About this task:
Repeat exactly the lines that run from the start of the records below to the line with "资金流向数据方面,本周鸿富瀚", including both of those lines but not the pictures.

──────── The data

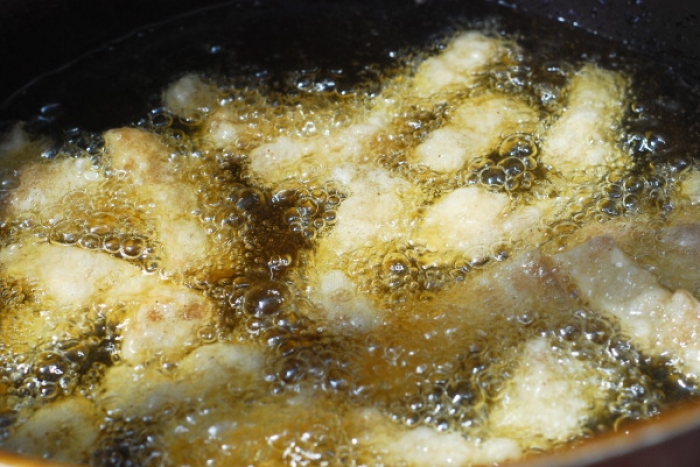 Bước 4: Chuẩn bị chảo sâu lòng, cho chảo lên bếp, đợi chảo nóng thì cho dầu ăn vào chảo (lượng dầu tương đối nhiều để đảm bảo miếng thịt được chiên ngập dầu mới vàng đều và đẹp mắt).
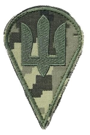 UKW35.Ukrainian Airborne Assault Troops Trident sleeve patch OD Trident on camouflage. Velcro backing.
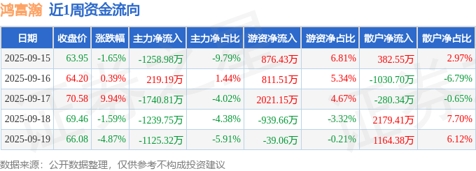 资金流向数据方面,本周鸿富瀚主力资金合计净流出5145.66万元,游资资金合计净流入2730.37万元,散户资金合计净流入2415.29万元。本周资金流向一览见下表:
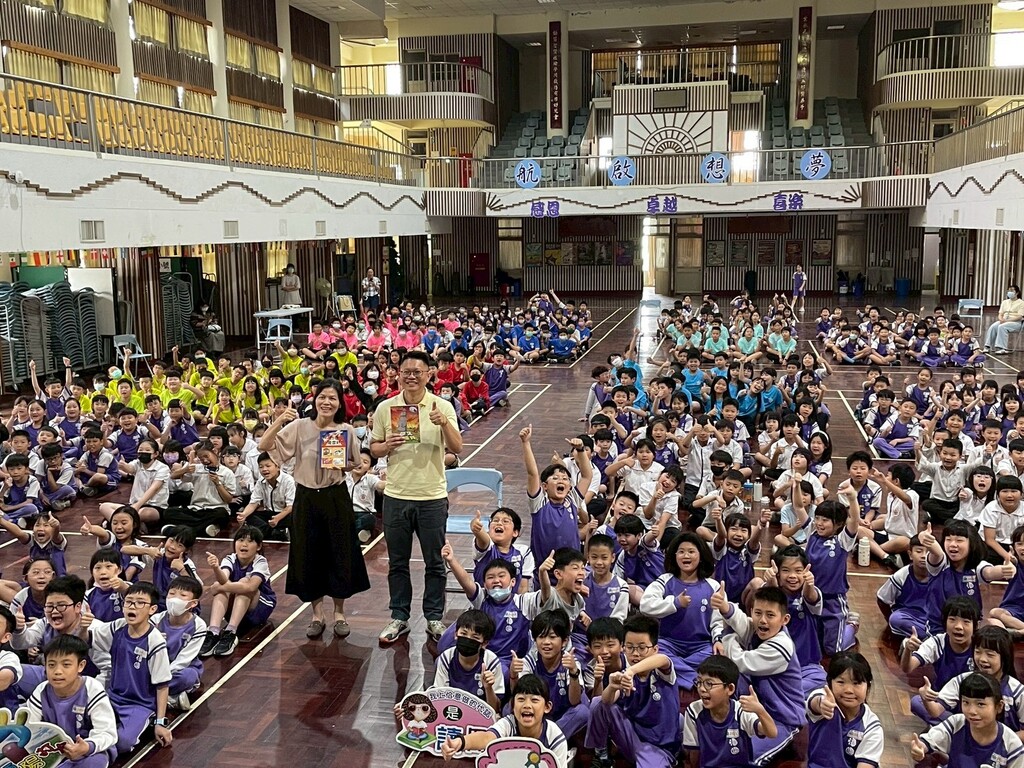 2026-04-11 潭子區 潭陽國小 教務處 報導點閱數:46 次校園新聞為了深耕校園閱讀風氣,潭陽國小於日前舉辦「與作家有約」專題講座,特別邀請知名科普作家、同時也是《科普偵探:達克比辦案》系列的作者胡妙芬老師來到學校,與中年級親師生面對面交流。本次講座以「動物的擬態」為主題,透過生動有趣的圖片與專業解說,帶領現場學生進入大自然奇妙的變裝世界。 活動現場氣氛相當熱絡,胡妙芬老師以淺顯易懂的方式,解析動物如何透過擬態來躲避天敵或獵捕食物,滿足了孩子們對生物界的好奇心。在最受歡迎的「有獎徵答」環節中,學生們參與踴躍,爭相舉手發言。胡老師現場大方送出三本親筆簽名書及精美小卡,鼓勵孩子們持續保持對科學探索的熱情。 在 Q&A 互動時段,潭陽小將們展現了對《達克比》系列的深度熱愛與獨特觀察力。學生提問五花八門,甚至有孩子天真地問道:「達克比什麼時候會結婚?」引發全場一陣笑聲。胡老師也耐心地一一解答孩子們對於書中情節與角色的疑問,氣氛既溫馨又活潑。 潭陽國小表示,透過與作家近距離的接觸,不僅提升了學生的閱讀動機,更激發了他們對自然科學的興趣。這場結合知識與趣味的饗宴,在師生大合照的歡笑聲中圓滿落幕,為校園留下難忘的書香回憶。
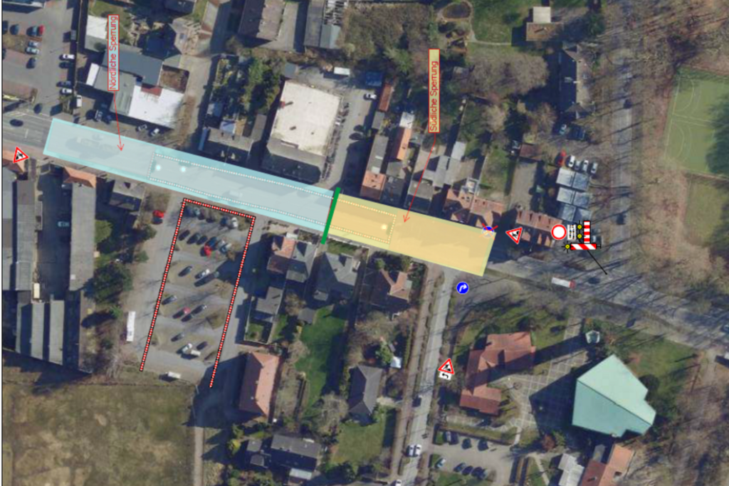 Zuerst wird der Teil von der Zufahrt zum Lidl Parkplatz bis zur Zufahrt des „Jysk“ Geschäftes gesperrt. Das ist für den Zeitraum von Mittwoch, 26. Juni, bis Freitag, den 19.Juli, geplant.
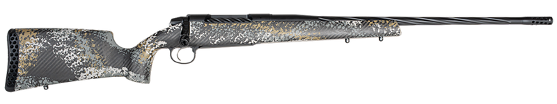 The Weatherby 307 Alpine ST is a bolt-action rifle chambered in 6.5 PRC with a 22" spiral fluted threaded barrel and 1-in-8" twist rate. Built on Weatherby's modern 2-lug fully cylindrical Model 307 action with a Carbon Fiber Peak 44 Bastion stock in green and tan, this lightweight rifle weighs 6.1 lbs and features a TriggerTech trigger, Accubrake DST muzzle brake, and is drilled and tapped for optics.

────────────────

Expected output:
 Bước 4: Chuẩn bị chảo sâu lòng, cho chảo lên bếp, đợi chảo nóng thì cho dầu ăn vào chảo (lượng dầu tương đối nhiều để đảm bảo miếng thịt được chiên ngập dầu mới vàng đều và đẹp mắt).
 UKW35.Ukrainian Airborne Assault Troops Trident sleeve patch OD Trident on camouflage. Velcro backing.
 资金流向数据方面,本周鸿富瀚主力资金合计净流出5145.66万元,游资资金合计净流入2730.37万元,散户资金合计净流入2415.29万元。本周资金流向一览见下表:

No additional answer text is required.